Carla Makhlouf Obermeyer is a medical anthropologist and epidemiologist specializing in the study of fertility and HIV. A former associate professor of Population and International Health at Harvard University, Obermeyer was director of the Center for Research on Population and Health at the American University of Beirut as of 2013. She has also worked for the World Health Organization's Department of HIV/AIDS.

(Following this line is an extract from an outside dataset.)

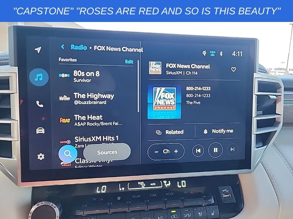 2024 Toyota Sequoia Capstone 4WD V6 Hybrid This Toyota Sequoia has many features and is well equipped including, Leather Seats, Heated and Cooled Seats, Navigation System, Backup Camera, Keyless Access with Push Button Start, Keyless Entry, Navigation/GPS, Tow Package, AWD/4X4/ALL WHEEL DRIVE/4WD, V6 Hybrid, 10-Speed Automatic, 4WD, 14 Speakers, 3.31 Axle Ratio, 3rd row seats: split-bench, 4-Wheel Disc Brakes, ABS brakes, Air Conditioning, Alloy wheels, AM/FM radio: SiriusXM, Anti-whiplash front head restraints, Apple CarPlay/Android Auto, Auto High-beam Headlights, Auto tilt-away steering wheel, Auto-dimming door mirrors, Auto-dimming Rear-View mirror, Automatic Power Extending Running Boards, Automatic temperature control, Brake assist, Bumpers: body-color, Compass, Delay-off headlights, Driver door bin, Driver vanity mirror, Dual front impact airbags, Dual front side impact airbags, Electronic Stability Control, Emergency communication system: Safety Connect (10-year trial), Exterior Parking Camera Rear, Front anti-roll bar, Front Bucket Seats, Front Center Armrest w/Storage, Front dual zone A/C, Front fog lights, Front reading lights, Front wheel independent suspension, Fully automatic headlights, Garage door transmitter: HomeLink, Genuine wood door panel insert, Head Up Display (HUD), Headlight cleaning, Heads-Up Display, Heated & Ventilated Front Seats, Heated door mirrors, Heated front seats, Heated Power Auto-Dimming Outside Mirrors, Heated rear seats, Heated steering wheel, Illuminated entry, Knee airbag, Leather Shift Knob, Leather steering wheel, Low tire pressure warning, Memory seat, Navigation system: Drive Connect (1 year trial) includes Cloud Navigation with real time traffic and Google POI, Occupant sensing airbag, Outside temperature display, Overhead airbag, Overhead console, Panic alarm, Passenger door bin, Passenger vanity mirror, Power door mirrors, Power driver seat, Power Liftgate, Power moonroof, Power passenger seat, Power steering, Power windows, Premium audio system: JBL, Radio: JBL Premium Audio System, Rain sensing wipers, Rear air conditioning, Rear reading lights, Rear seat center armrest, Rear window defroster, Rear window wiper, Reclining 3rd row seat, Remote keyless entry, Security system, Semi-Aniline Leather Seat Trim, Speed control, Speed-sensing steering, Split folding rear seat, Spoiler, Sport steering wheel, Steering wheel mounted audio controls, Tachometer, Telescoping steering wheel, Tilt steering wheel, Traction control, Trip computer, Turn signal indicator mirrors, Variably intermittent wipers, Ventilated front seats, Ventilated rear seats, Voltmeter, Wheels: 20 Machined-Finish Black Alloy.

Obermeyer is the editor of Family, Gender and Population in the Middle East (1995) and Cultural Perspectives on Reproductive Health (2001). She has called for more rigorous studies into the health effects of female genital mutilation.

Education
1988, D.Sc. Harvard School of Public Health, Population, Maternal / Child Health, Behavioral Sciences
1983, M.Sc. Epidemiology, American University of Beirut
1976, M.A. Anthropology, American University of Beirut
1973 B.A. Sociology (with distinction), American University of Beirut

References

Further reading
Obermeyer, Carla. "Female Genital Surgeries: The Known, the Unknown and the Unknowable", Medical Anthropology Quarterly, 31(1), 1999, pp. 79–106. 
Obermeyer, Carla. "The Health Consequences of Female Circumcision: Science, Advocacy, and Standards of Evidence", Medical Anthropology Quarterly, 17(3), September 2002, pp. 394–412. 
Obermeyer, Carla. "The Consequences of Female Circumcision for Health and Sexuality: An Update on the Evidence", Medical Anthropology Quarterly, 7(5), September–October 2005, pp. 443–461. 
Jacobson, Jodi L.; Ibrahim, Barbara; and Obermeyer, Carla Makhlouf. "The Muslim Woman: Fighting For Faith and Family Planning" , The Washington Post, 4 September 1994.

Medical anthropologists
Female genital mutilation
Living people
Harvard School of Public Health faculty
Harvard School of Public Health alumni
American University of Beirut alumni
Year of birth missing (living people)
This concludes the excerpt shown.